Table 4 Execution time comparison: examining the processing time for 1 million events by Drazen et al. (2011); Wang et al. (2020), and KF-PEV for both synthetic and real-world data

6 Conclusion

In this article, we proposed a causal event-based particle velocimetry technique called Kalman filter-based particle event velocimetry (KF-PEV). Leveraging a Kalman filter redesigned to handle asynchronous event-based pixels and multiple particles, KF-PEV is robust to noise and is in a streaming format. The Kalman filtering also admits a linear least squares estimate of the particle velocity directly, rather than differentiating the positional estimates at the risks of amplifying noise and estimation error.

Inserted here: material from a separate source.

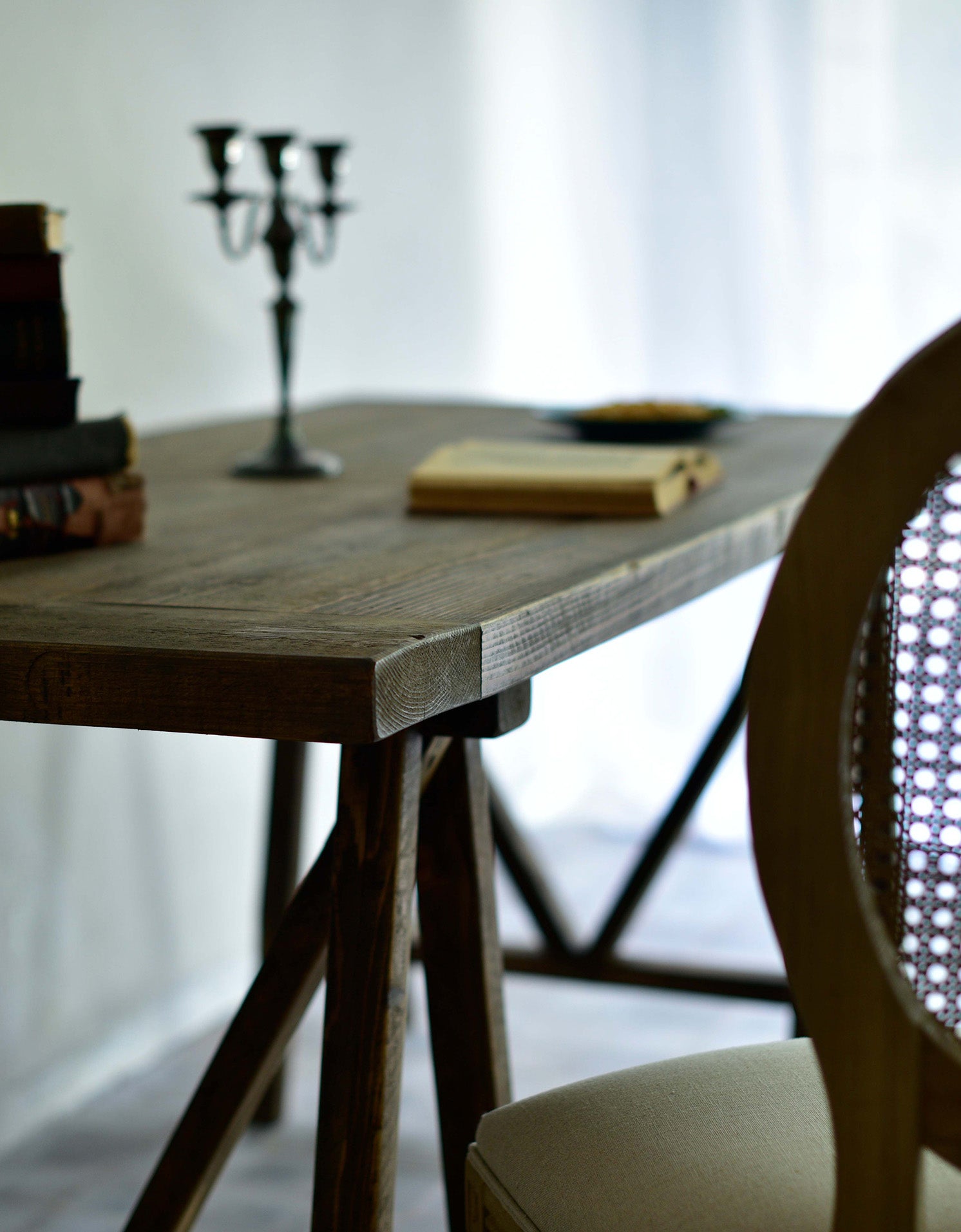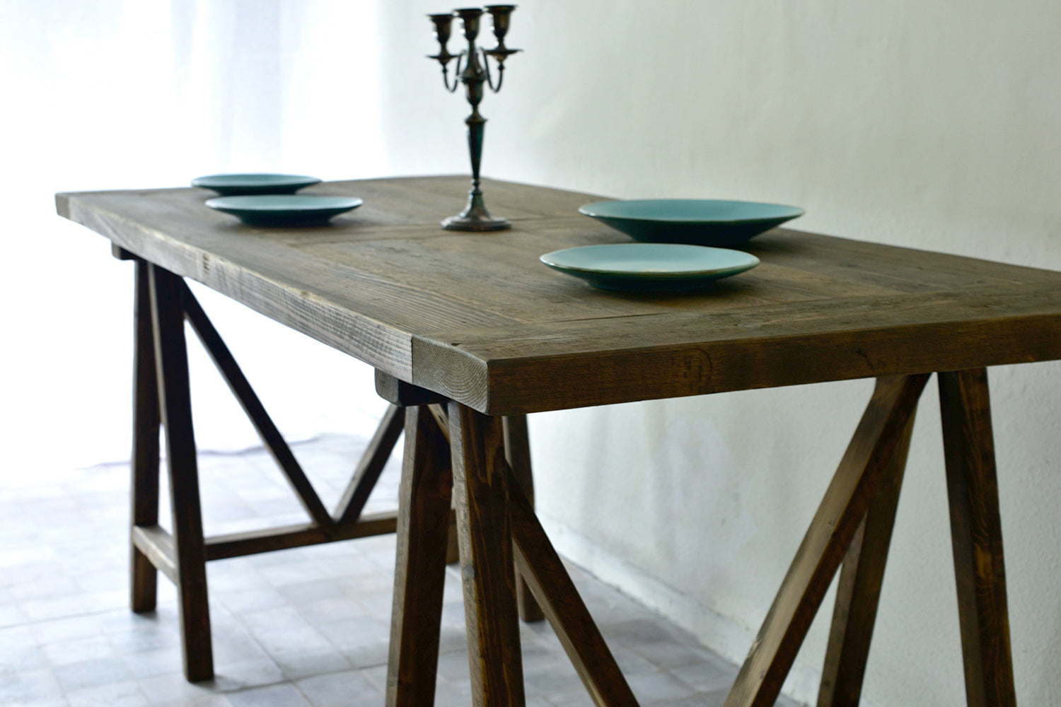 이태리 아티즌이 완전히 수작업으로 제작하는 구다모의 트레슬 테이블은 건축양식의 구조처럼 매우 튼튼하며 심미적인 디자인입니다.

Additionally, we developed a simulation framework for objectively benchmarking event-based particle velocimetry. This overcomes the limitations of frame-based event simulation methods by generating event streams of moving unresolved targets in continuous time using analytical models of the underlying signal. Evaluation by objective performance metrics indicate that KF-PEV’s reconstruction of the flow field represents a substantial improvement over the state-of-the-art frame-based (Thielicke and Sonntag 2021; Janke et al. 2020) and event-based (Wang et al. 2020; Willert and Klinner 2022; AlSattam et al. 2024) PIV/PTV techniques in terms of velocimetry magnitude and flow direction.

Real event-based sensor data experiments conducted in the water tunnel show robustness to noise and errors in the widest field-of-view reported for event-based particle velocimetry experiment. The proposed KF-PEV successfully tracked particles in dynamic flow field, and reconstructed a dense high-resolution flow field of airfoil consistent with its expected behavior.